We used JettyProxy which is a proxy-server that allows binding custom filters and plugging proxy-handler. We implemented routing rules in a Proxy Handler which lets us intercept HTTP Requests and response allowing to inspect query, source, headers etc and based on that we may choose a backend host to serve the query request. There are two types of requests sent from clients 1. New query submission request, 2. Followup request for a previously submitted query. PrestoGateway proxy handler caches the query id to backend mapping so that it can stick the followup requests to the backend which ran the original query.

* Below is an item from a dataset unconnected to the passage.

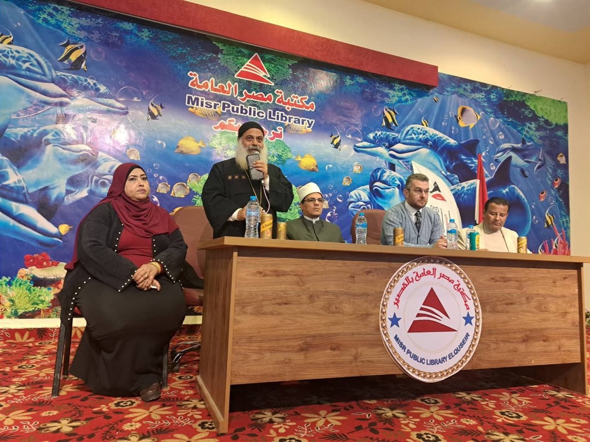 كما عقدت ندوة بعنوان "رسالة الأديان حياة.. والوطن بيت للجميع"، ألقاها كل من القمص يوحنا خيري راعي كنيسة العذراء مريم، وفضيلة الشيخ حسن جمال إمام وخطيب مسجد، نائبا عن مدير الأوقاف، حيث أكدا أن رسالة الأديان تقوم على ترسيخ القيم الأخلاقية والإنسانية التي تضمن حياة كريمة للإنسان، وأن الوطن بيت جامع لكل أبنائه دون تمييز، مع التأكيد على أهمية التسامح والتعايش السلمي، وطرح الرؤى من المنظورين الدينيين.

Presto Gateway has 3 components:

BaseApp — It provides boilerplate code to add/remove plug-able components through yaml configuration and has inbuilt metrics registry module making it easy to emit custom metrics for the apps built on top of this.

BaseApp class diagram

ProxyServer — Its a library built on top of jetty proxy which provides a proxy server implementation with a plug-able proxy-handler.

ProxyServer class diagram

Gateway — This component acts as container for proxy-server and plugs in ProxyHanders to provide proxy, routing and load balancing functionalities. It also exposes a few end points and UI to activate / deactivate backends and query history view for recently submitted queries

Presto Gateway UI

We are using lombok to reduce a lot of boiler plate code such as getters/setters/logger/equals etc speeding up the development process and the app is built using dropwizard framework.

Cost aware scaling to meet query demand

We started with one Presto cluster and as the usage grew, we kept on adding more worker nodes to support the higher compute demand. As we added more worker nodes, to utilize the full potential of cluster, the query concurrency setting had to be raised and that required presto-coordinator restart causing a down time. After introducing the presto-gateway, we went multi-cluster mode using gateway as load-balancer. The entire presto infrastructure usage is not uniform throughout the day and the nature of our workloads have been bursty, so we over provision the infra so if there is a burst of queries, infra should be able to absorb it gracefully.

Query volume for a week (granularity — 1 hour)

To optimize cost we implemented dynamic scaling. We looked at the incoming query volume rate and noticed that usage is usually higher during business hours. After implementing backend activate/deactivate API at gateway we were already able to perform no-downtime upgrade, deployments and maintenance. We took this to the next level and added scheduled down time for half the number of clusters during non-business hours. 30 minutes before triggering the shutdown, we disable the cluster using Gateway APIs, since we have set 30 minutes max-run time for any query ensuring no query is penalized in this process. Following chart shows how number of nodes vary with time.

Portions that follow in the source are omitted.